# Winter Tires?



## Eukaryotic (Jan 24, 2005)

My all-season tires have performed nicely living in T.O over the past 7 years but I just moved further north and there are lots of rural roads and apparently even the highways around here get nasty. So I am thinking of getting a set of winter tires but have no clue what's good what's bad etc. Someone at work told me that the cheap ones at Canadian Tire are actually really good but I thought I'd solicit the wise folks of the board. Is it worth getting the steel wheel part as well or does it matter if you just buy the tire part? I imagine they will charge a lot to put the tire on the rim so maybe it's worth going for the wheel as well. Any suggestions?

Thanks,
E


----------



## The Doug (Jun 14, 2003)

Canadian Tire's _Nordic Winter Trac_ tires are actually BF Goodrich _Winter Slalom_. They're good, especially when considering the price -- and they can be studded.

I have a set of Goodyear Ultra Grip Ice; they're excellent and I'm very happy with them. I'd certainly buy them again.

Getting a set of winter rims is a good idea as there will be no & tear on the tire bead from the annual dismount & mount of summer/winter tires. If your car has alloy wheels you'll also avoid salt damage & scratches from road gravel by switching to steel rims in winter.

If you have a brand in mind check out Tirerack - they have lots of consumer reviews. They don't have their whole winter tire section up yet I think, but it'll all be there soon enough. Their winter tire guide is available now though.


----------



## MACSPECTRUM (Oct 31, 2002)

really any "winter" tire on their own rims will be very good, especially when compared to all seasons

you really can't make a mistake

the only big difference on price is how the winter tire handles at higher speed/highway


----------



## Chris (Feb 8, 2001)

Macspectrum is right; just about ANYTHING will be better than "3 season" tires. This is especially so on smaller cars. Getting a separate set of rims is also an excellent idea. It will mean that swapping the tires on and off the car will go much smoother, and it will extend the lives of both sets of tires.

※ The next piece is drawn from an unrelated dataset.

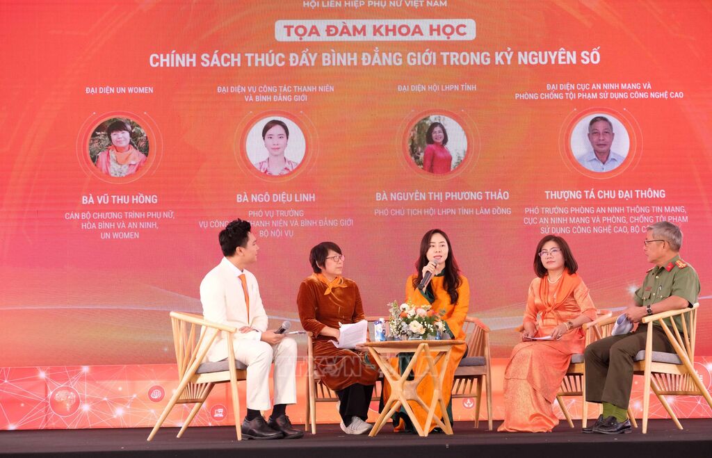 Phó Chủ tịch Hội Liên hiệp Phụ nữ Việt Nam Nguyễn Thị Minh Hương khẳng định, năm 2025 chứng kiến dấu mốc quan trọng về chuyển đổi số và an ninh mạng của Việt Nam. Trước thực trạng đó, Hội Liên hiệp Phụ nữ Việt Nam đã phát động phụ nữ hưởng ứng phong trào Bình dân học vụ số gắn với phong trào thi đua “Xây dựng người phụ nữ Việt Nam thời đại”; tổ chức nhiều lớp tập huấn nâng cao kỹ năng ứng dụng AI để gia tăng hiệu quả công việc cho gần 10.000 lượt cán bộ Hội các cấp. Thời gian tới, các cấp Hội tiếp tục thực hiện cuộc vận động “Xây dựng gia đình 5 không, 3 sạch, 3 an”, trong đó 3 an là an toàn, an tâm, an sinh. Đặc biệt là an toàn cả trên không gian thực và không gian số, các cấp Hội đẩy mạnh ứng dụng công nghệ thông tin, chuyển đổi số trong hoạt động Hội và hỗ trợ phụ nữ, phối hợp xây dựng “không gian mạng an toàn cho phụ nữ và trẻ em, không để bị quấy rối trên không gian mạng”. Hoạt động này góp phần đảm bảo môi trường không bạo lực, không xâm hại, không gian số an toàn, thân thiện với phụ nữ và trẻ em gái.

I'd be very happy with the Canadian Tire product, although I bought a set of Coopers last year (an old high school friend runs a tire shop), and it made a huge difference on my little car. It happened to be snowing/slushing when I drove out to his place, and I could tell the difference right away on the way home.

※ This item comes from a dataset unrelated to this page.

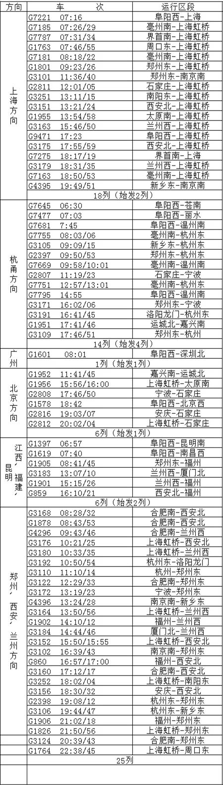 有7趟途径阜阳西站的高铁列车停运,具体为:

Go ahead an do it. It'll be a decision that you'll be happy with and might very well save your life.


----------



## guytoronto (Jun 25, 2005)

http://www.consumersearch.com/www/automotive/snow-tires/


----------



## SINC (Feb 16, 2001)

One can usually find a set of extra rims quite reasonable at an auto wreckers. Just be sure they are not damaged or warped. Cost is usually less than half of new.

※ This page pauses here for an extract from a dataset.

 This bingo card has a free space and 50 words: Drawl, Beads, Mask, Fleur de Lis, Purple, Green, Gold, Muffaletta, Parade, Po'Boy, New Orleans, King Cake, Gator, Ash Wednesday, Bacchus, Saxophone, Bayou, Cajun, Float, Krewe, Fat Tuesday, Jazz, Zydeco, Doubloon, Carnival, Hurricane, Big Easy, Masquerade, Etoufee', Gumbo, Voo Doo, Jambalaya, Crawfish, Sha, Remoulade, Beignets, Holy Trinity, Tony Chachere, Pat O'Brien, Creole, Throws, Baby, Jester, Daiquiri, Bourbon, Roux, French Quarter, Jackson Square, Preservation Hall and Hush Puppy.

Then your winter tires can sit in the garage all summer and if you buy yourself a good floor jack, you can save money by changing them yourself. Get the first set installed and balanced by a tire shop, them mark them with chalk as left front, right front, right rear and left rear so they go back where they were in the fall and you won't have any balance issues next winter.

Same thing applies to the summer tires tires you remove before you install them in the spring.


----------



## Digital_Gary (Sep 18, 2003)

I've heard good things about the Nordic Winter Trac as well. When I priced mine out, I actually found Blizzaks were a few bucks less so that's what I went with. Now that I live in town, I don't think they are needed but when when I was doing a lot of country driving, they saved me numerous times. Even when driving on icy roads, I had no problems. I'm sure we've all tried pulling the parking brake in an empty snowy parking lot? Don't bother trying it with Blizzaks. They won't let the back end kick out like your all seasons 

If you get a high quality winter tire like these, make sure you don't put them on too early and don't leave them on too late in the spring. The rubber is so soft that the warm pavement will rip them apart. I still have 2 of my original set and this will be my 5th season. If you take care of them, they will last a long time.


----------



## Dr.G. (Aug 4, 2001)

DG, I have Blizzaks for my Toyota Echo. Since we got the 15 inch wheel model, since it came with ABS breaking, which is a real plus here in St.John's, they cost a bit more, but they were worth it. Because the Echo is higher off the ground, it was able to get throught some 30+cm of snow on the ground snowfalls last winter.


----------



## DP004 (Mar 9, 2005)

I have Good Year's Ultra-Grip after using Blizzaks. They are quite good. I am trying to find a tire as good as the Blizzak but one that last longer. If they can stop it from disintegrating when the temperature gets warmer (but still in winter) I will buy Blizzaks again.


----------



## PenguinBoy (Aug 16, 2005)

I run Michelin Pilot Alpins with steel rims on my Subaru in Winter, and have been quite pleased with them. While AWD would probably be enough to prevent me from getting stuck even with all season tires, the Winter tires really help with stopping or cornering on ice.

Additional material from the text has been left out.